The Netherlands has ignored several books by Giorgio Pressburger, Nel regno oscuro and Storia umana e inumana, both inspired by Dante’s Comedy. Only the earliest works by this author (and his twin brother Nicola) have been translated, while his later work has remained unknown. The same can be said about Sebastiano Vassalli, who is only known in Dutch thanks to The World’s Gold, The Chimera, The Swan and La notte del lupo, and for Roberto Pazzi, with only three books translated (Searching for the Emperor, The Princess and the Dragon and La malattia del tempo). Lastly, I would like to mention authors like Giacoma Limentani, Clara Sereni, Lia Levi, and Edith Bruck, central figures of Italian-Jewish literature, still awaiting translation. This very brief and rather incomplete overview clearly shows that it is not always criteria of literary significance that guide the ‘translation market’. 


A not too rosy future: accurate picture or false alarm?
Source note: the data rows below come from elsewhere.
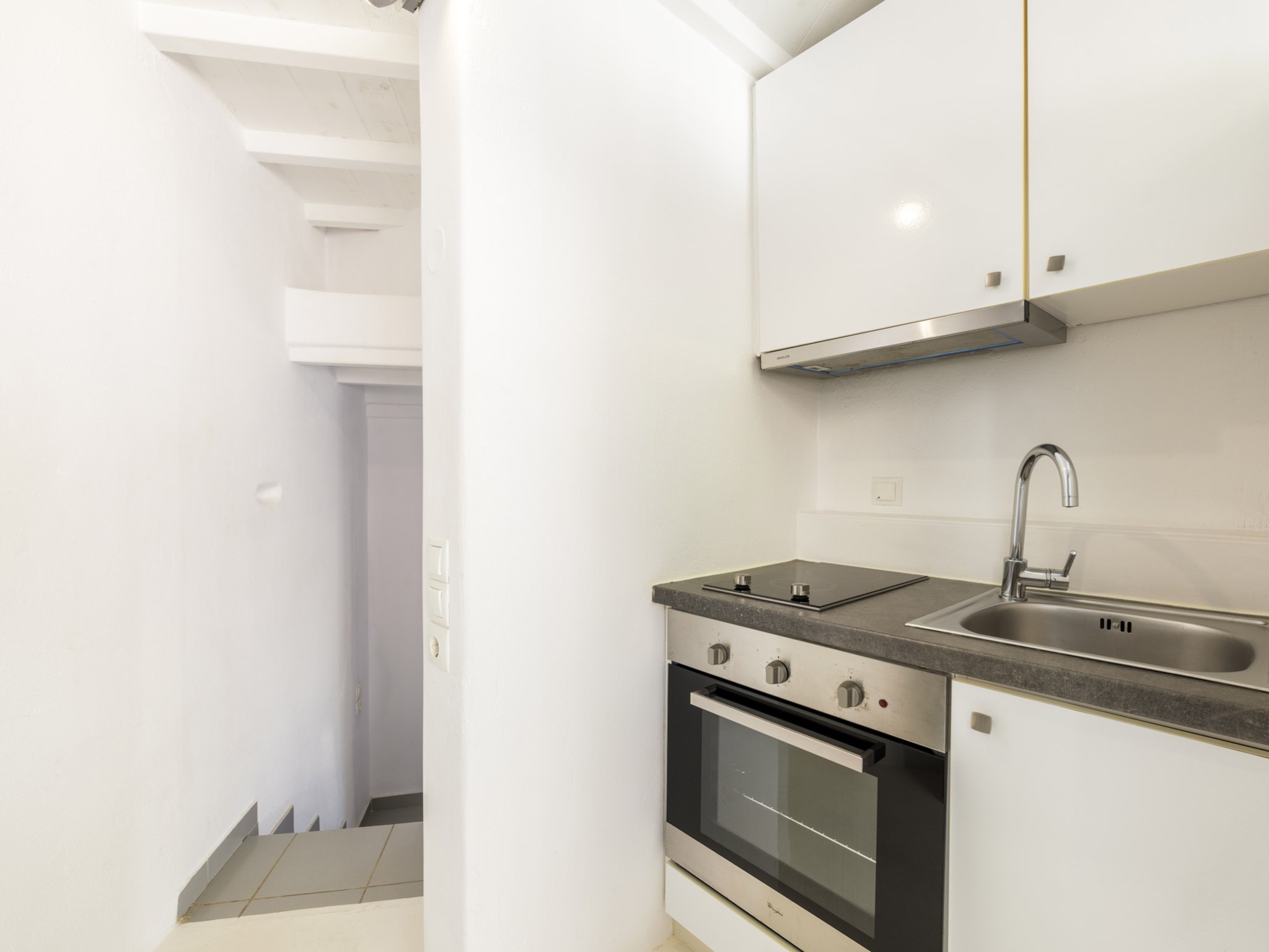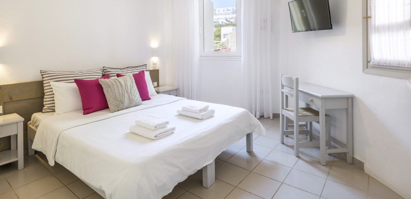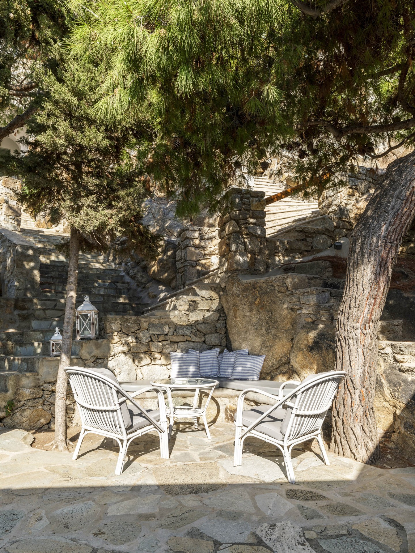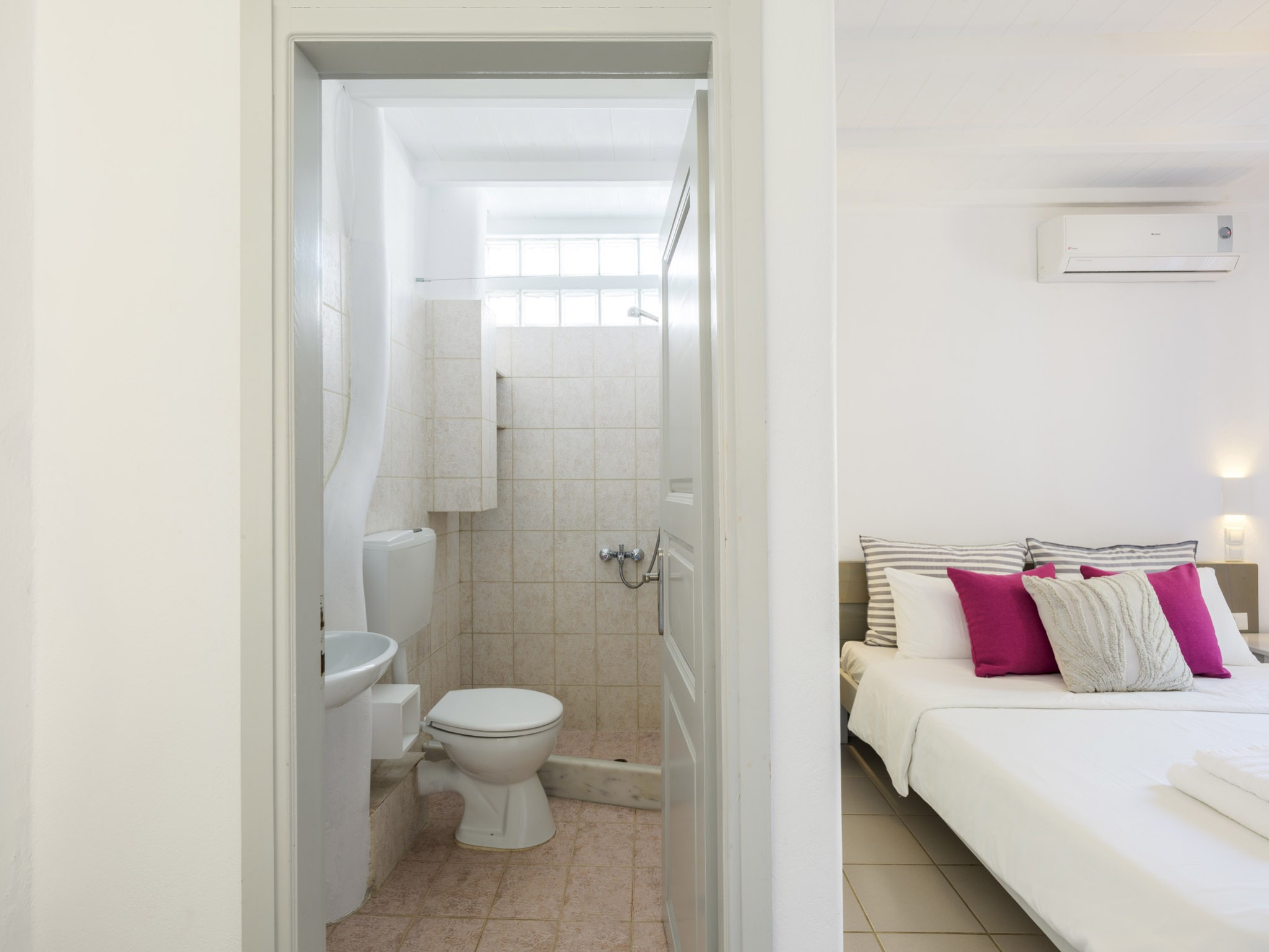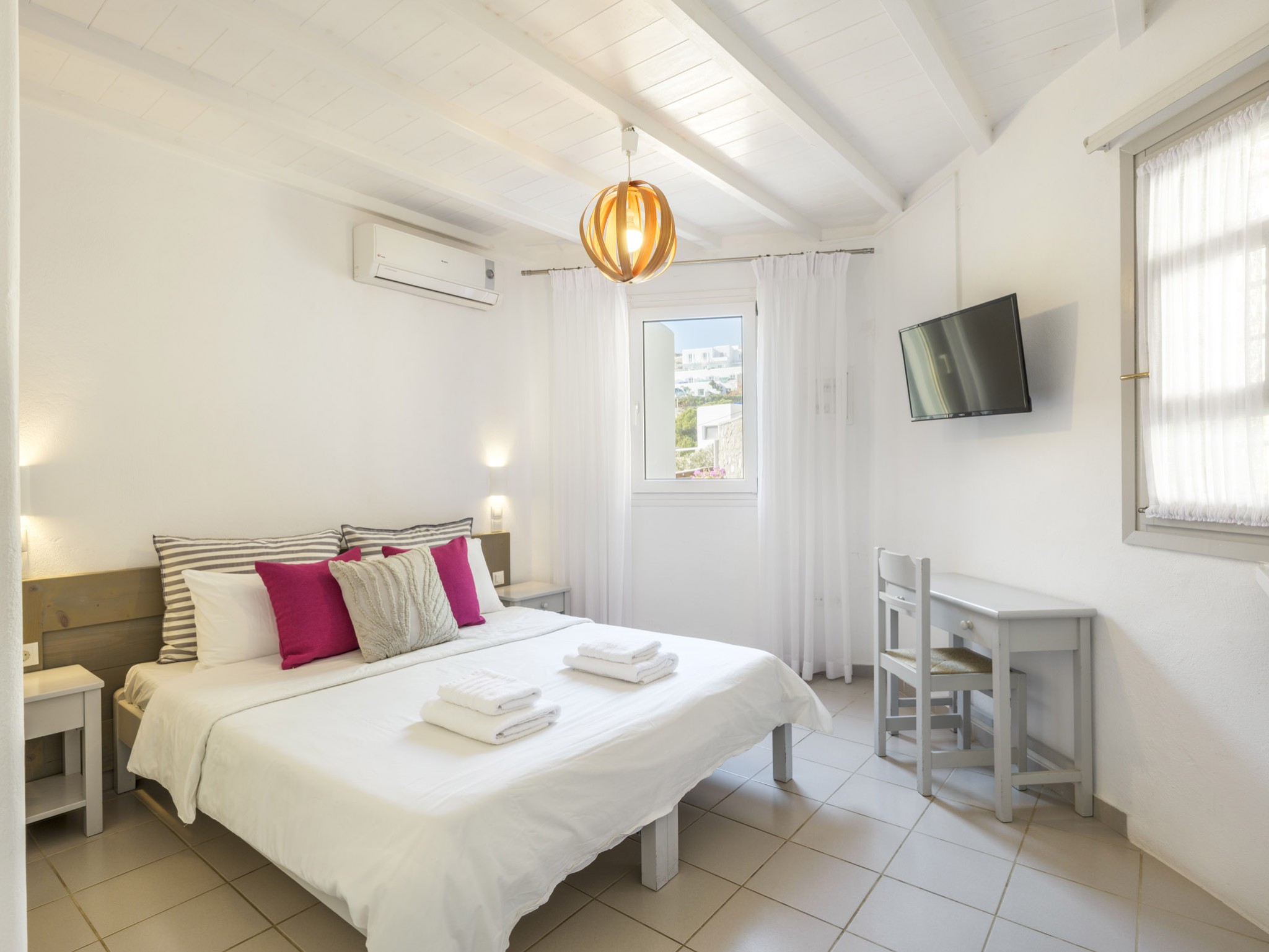 Our baby studio has a total area of 20 sq.m. Cute and cozy, it has been designed in such a way as not to lack facilities compared to other holiday homes. The bedroom has a queen-size matrimonial bed with an upper mattress, and the kitchen (fully equipped with an oven) is at the entrance, which makes it very easy to use for outdoor dining. A small built-in terrace is right outside, surrounded by trees, which is rather rare for Mykonos, and the large yard of our little chapel is a few steps away and features 180 views to the Aegean Sea.
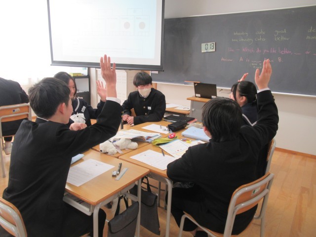 1月27日(火) 2年生 授業の様子 公開日 2026/01/28 更新日 2026/01/28 2学年 2年生の英語の授業では、先週に引き続き「比較」の表現について学習しています。この日は〇〇ランキングを作る活動を行いました。自分でトピックを決め、同じ班の仲間に投票してもらい、1番を決めました。 強い動物、好きな色、重要な教科・・・など、いろんなトピックがあり、真剣に悩んで投票していました。 +5
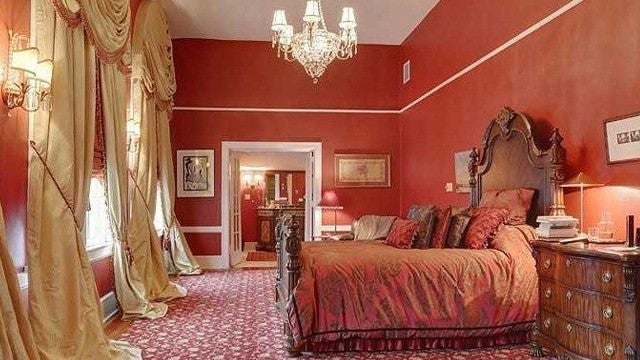 The home has hardwood floors and chandeliers, and one of the seven bedrooms is a red room (and we're not talking Fifty Shades of Grey here).
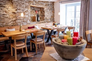 In unserem Gasthaus können bis zu 70 Personen vortrefflich speisen oder an festlich eingedeckten Tischen dinieren.
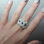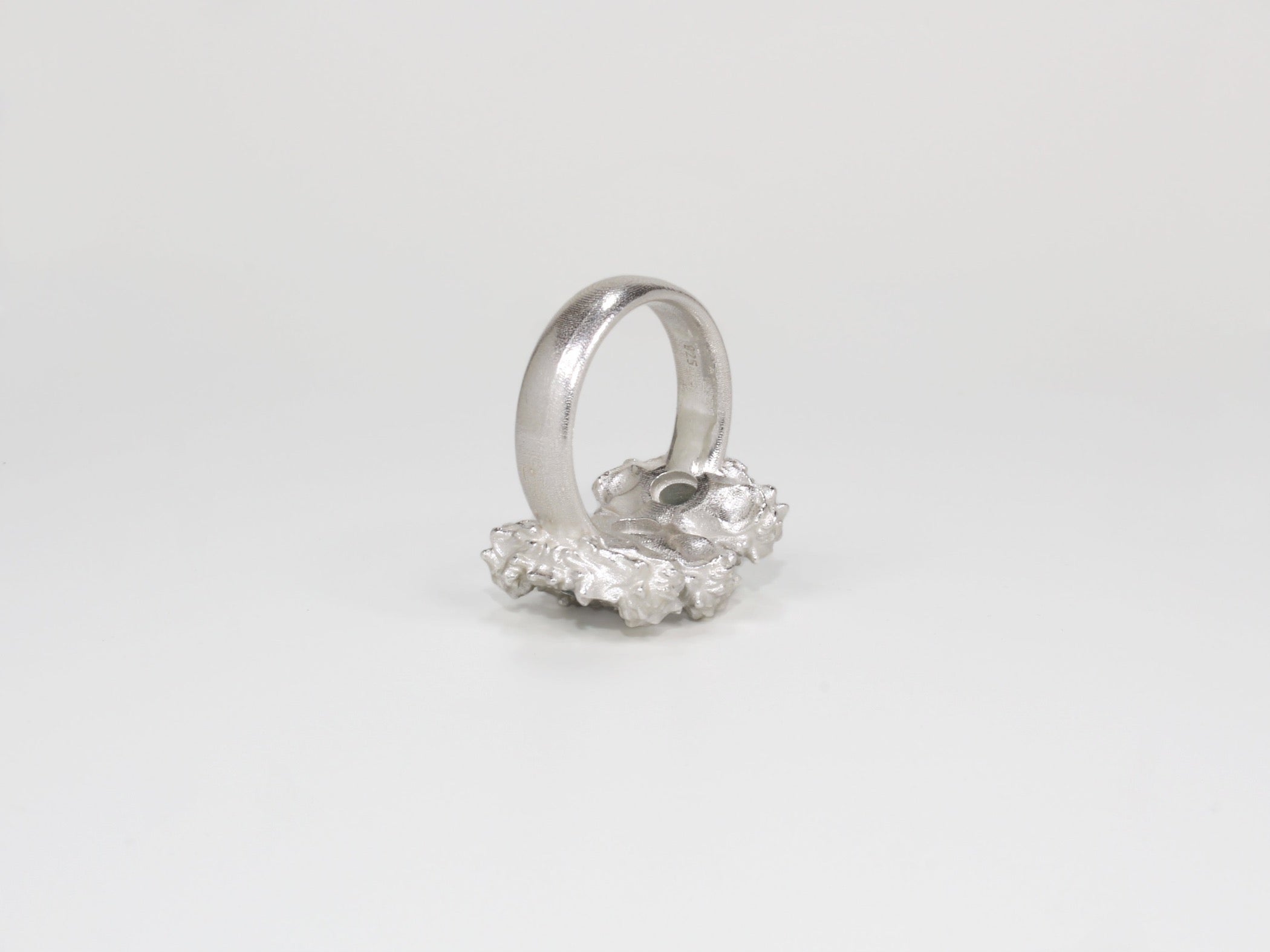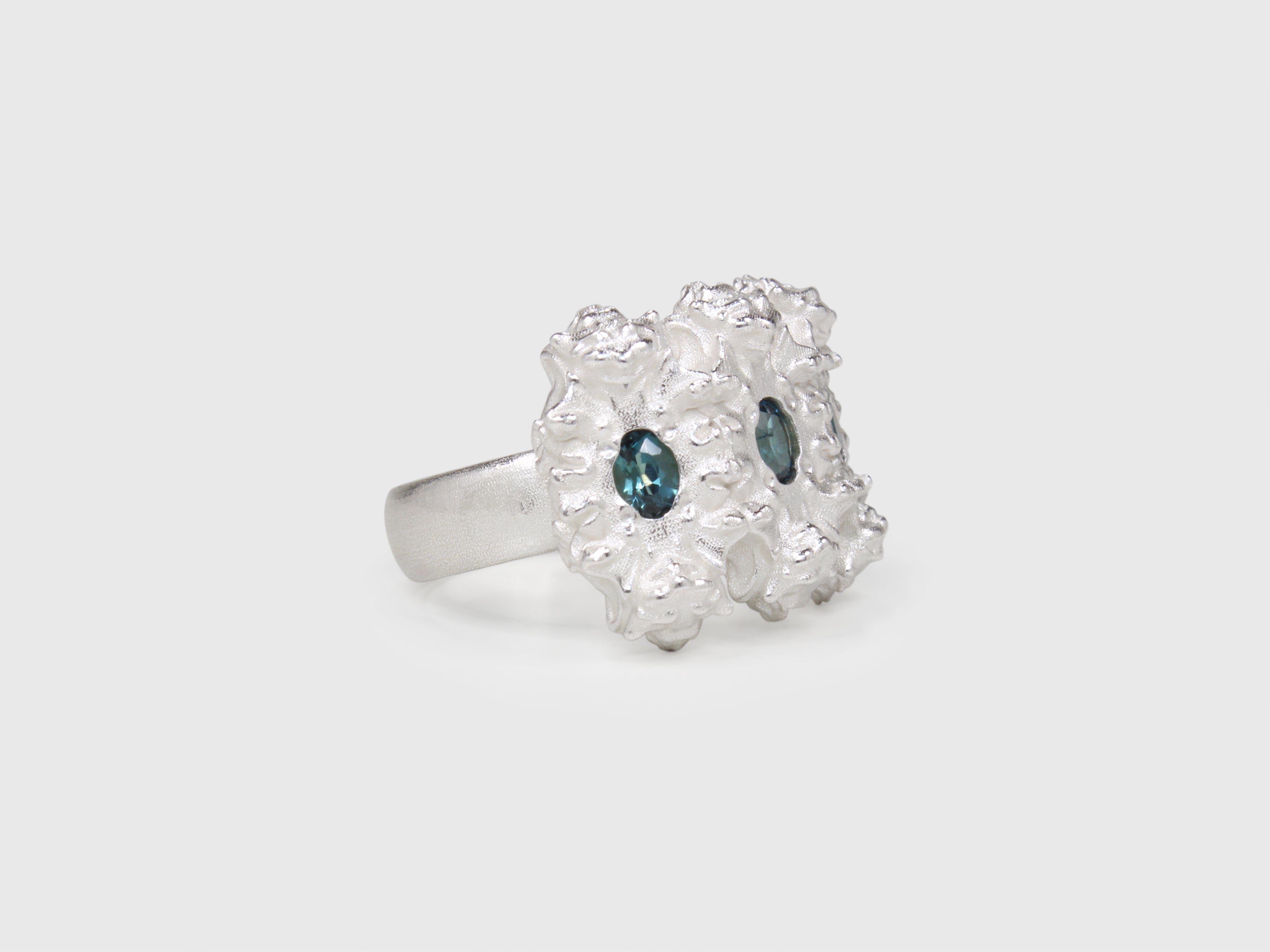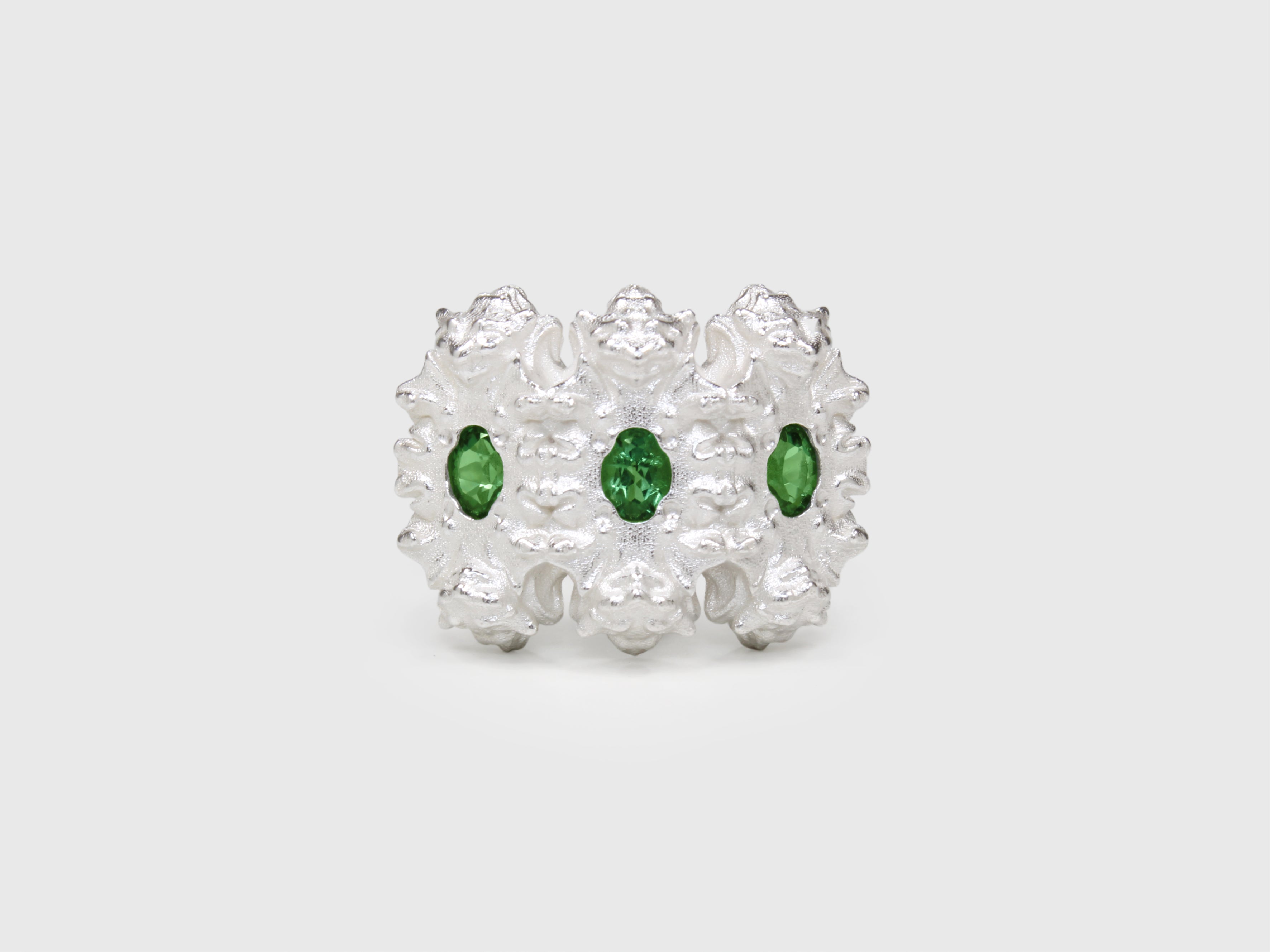 Three gems are cradled deep in a triptych of strange and complicated forms, from which odd faces appear. It is part of human nature to see patterns and faces in our surroundings.

The current state of literary translation was recently the subject of a long article by Toef Jaeger, ‘Translators are the canaries in the mine’, which appeared on 8 April in the prestigious NRC-Handelsblad. Closing a series of interviews with translators and with Tiziano Perez, director of Letterenfonds, Jaeger notes that literary translations are going through a period of severe difficulties, despite a 5% increase in books sold in the Netherlands, and a total of around EUR 2 million invested in support of translation projects. A good few literary translators are changing jobs. According to the ELV, for the past ten years, fewer people have been translating and from fewer languages, with the consequence that ‘a less fertile literary landscape is emerging, in which only the most popular and best-selling products, translated from a small number of languages, are available in our language’. This phenomenon also affects English, as more and more Dutch people buy and read English books in the original version at favourable prices thanks to the Internet, Amazon’s mega-bookstores, etc. Amidst all this, Covid-19 also had its share of responsibility. At the same time, the number of reviews of literary translations in newspapers is decreasing, along with a reduction of literary journals. While in 2010 there were still 15 literary translations among the 100 best-selling books, by 2021 the number had dropped to 2 (in recent years, before Covid, there were 5 or 6). 

It remains to be seen how the situation will evolve in the coming years. It is not only a question of a decline in literary translations and the number of qualified translators. We must also take into account the fact that the pay for translation work (whether funded or not) does not take into account either collective labour agreements or inflation. Even in schools, reading is in serious decline and suffers competition from channels such as Netflix, Disney and HBO, and everything which mobile phones can offer. Without a series of measures to support reading, interest in good, translated literature seems in danger. But if even the Bible is still being translated, read and studied for over two thousand years, some hope remains.